An unlicensed brothel in Remuera has closed after neighbours collected evidence that included men paying for sex after church on Sunday.
Acting on evidence collected by a neighbourhood support group, the Auckland Council investigated and found the brothel at Ascot Ave did not have resource consent.
City officials issued an abatement notice ordering the bordello to cease operating. When council officers visited the property a week later, the $1 million-plus home was empty.
One of the neighbours who collected evidence said they received an anonymous letter saying there were illegal immigrants working as prostitutes at the house. The letter gave telephone numbers for the Asian woman running the brothel.
"We were very unhappy about having a brothel in our neighbourhood. There were men hanging around, people coming to our doors and knocking looking for the prostitutes. They were blocking the road ... and even parking in the St Aidan's Anglican Church carpark [on Remuera Rd].
"It is unbelievable the men that come and go. Young, old, every nationality you can imagine. Some in their turbans after church on a Sunday," said the neighbour, who did not want to be named.
Another neighbour said the house had been supposedly rented for international language students.
The principal of Remuera Intermediate School in Ascot Ave, Janet Exon, said the board of trustees backed the neighbourhood group's actions.
"If there is something like that [a brothel] close to a school, it is probably not a good idea," she said.

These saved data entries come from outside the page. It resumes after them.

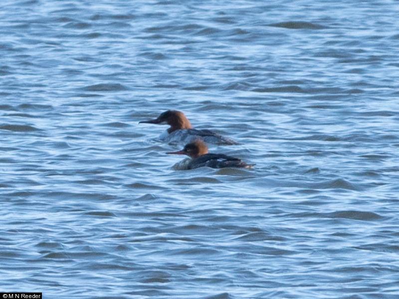 Green Woodpecker - 1 ; Goosander - 5 - all female/first winter ;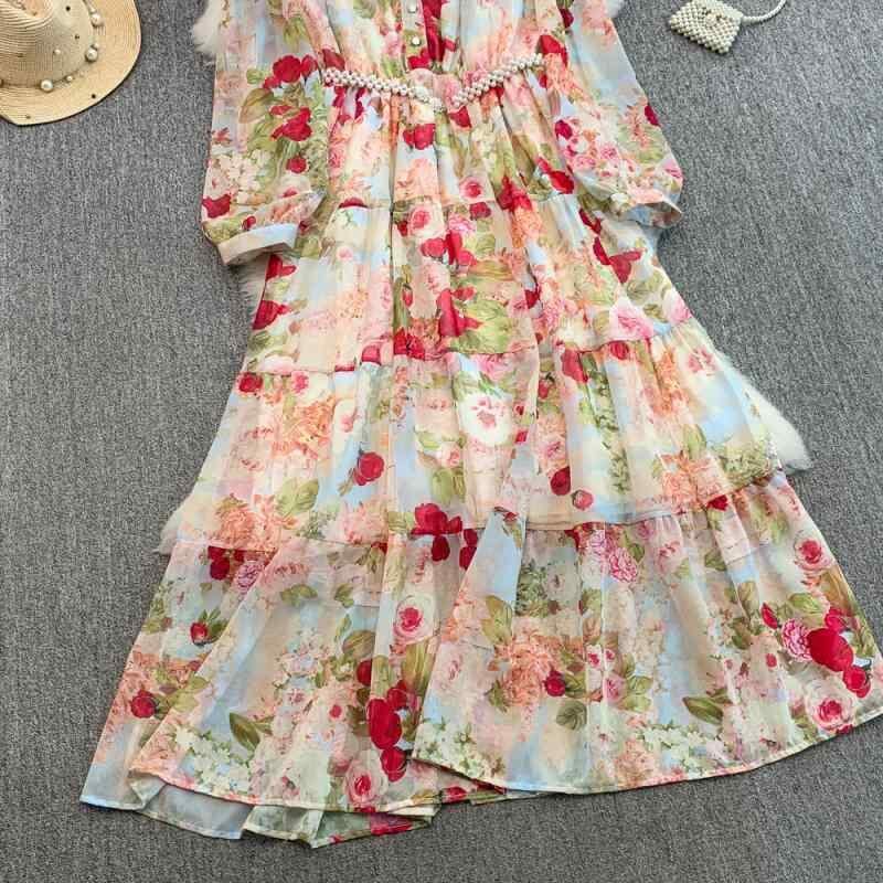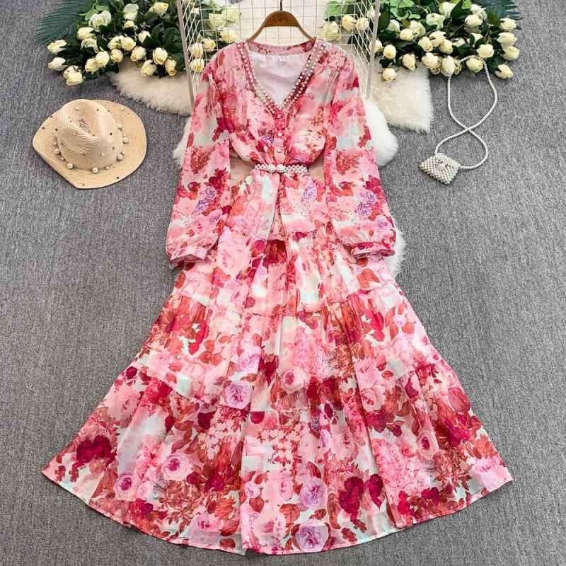 商品仕様: ・素材: シフォン ・柄: プリント ・スタイル: Aラインスカート ・構成: ワンピース ・スカート丈: ミモレ丈 ・スカートタイプ: フレアスカート ・ネックライン: Vネック ・袖丈: 長袖 ・ウエスト: ハイウエスト ・カラー: 淡ピンク、緑、ロイヤルブルー、ブルー、ピンク、紫 ・サイズ: フリーサイズ ・テイスト: エレガント、通勤 ・主な素材: ポリエステル30-50% ・種類: ワンピース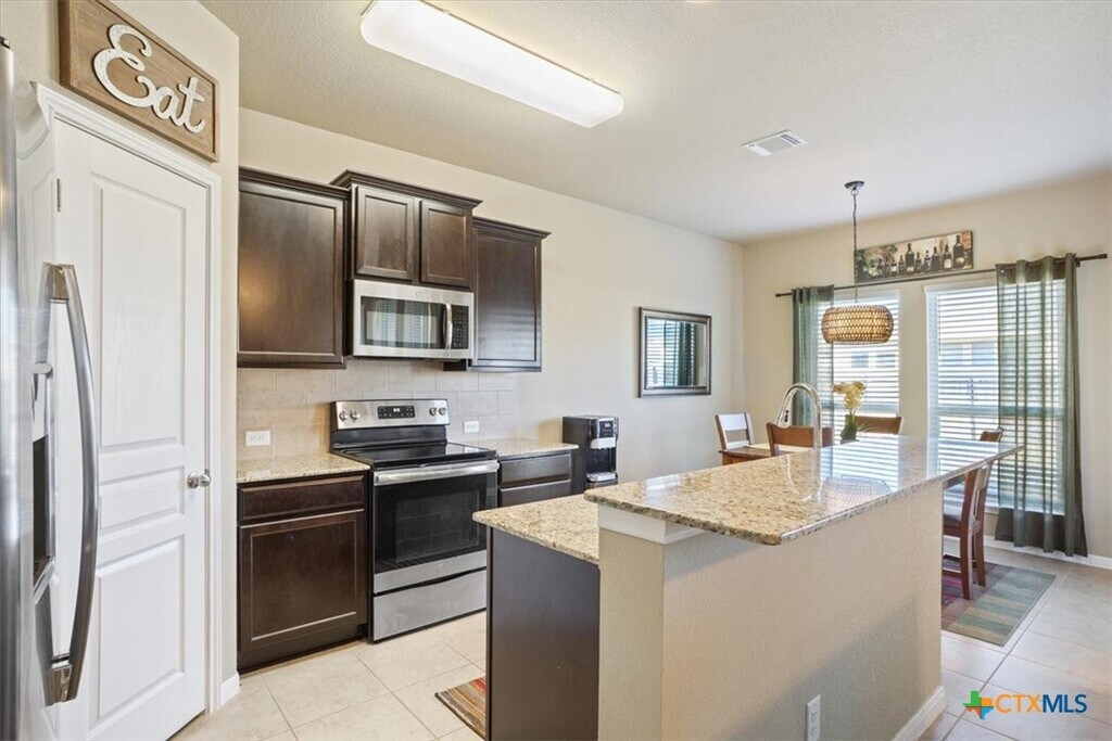 Step into the season with warmth and charm in this beautifully maintained 3 bedroom,2 bathroom home in Temple,Texas — the perfect place to celebrate the holidays and settle in before the new year. From the welcoming front porch where you can enjoy crisp winter mornings with a cup of hot cocoa,to the open-concept living area that’s ideal for hosting friends and family gatherings,this home was made for comfort and connection. Inside,you’ll find a bright and inviting layout with a spacious living room flowing effortlessly into the dining area and modern kitchen,complete with beautiful countertops,stainless steel appliances,rich cabinetry,and a breakfast bar,which is a wonderful spot for holiday baking and serving festive treats. The primary suite offers a peaceful retreat with a walk-in closet and ensuite bathroom with dual sinks,while two additional bedrooms provide flexibility for guests,a home office,or cozy reading room. After celebrating indoors,step outside to the fully fenced backyard and covered patio which is perfect for enjoying crisp evenings,twinkle lights,and winter barbecues. With plenty of yard space for pets or play,a two-car garage,tile flooring in living spaces,and plush carpeted bedrooms,this home blends practical conveniences with a warm,inviting atmosphere. Located near Belton Lake,shopping,dining,parks,and easy highway access,it offers the comfort of a peaceful neighborhood with close-by amenities. Make this holiday season extra special by finding your next home here. Pet friendly with approval and ready for you to move in and make memories!

Auckland Council acting central resource consents manager David Oakhill said the council was considering further enforcement action.
The neighbourhood group - having checked adult entertainment advertisements - believes that the Asian woman is running at least one other brothel in Auckland.
Tomorrow, the council's regulatory and bylaws committee will consider the issue of reviewing the brothels and commercial sex premises bylaws inherited from the seven former territorial councils.
On the vexed issue of the location of brothels, a number of local boards do not want them or other commercial sex premises in residential areas and think there should be a minimum distance from schools and churches.
The Prostitutes Collective and some in the sex industry want the industry to be self-regulated.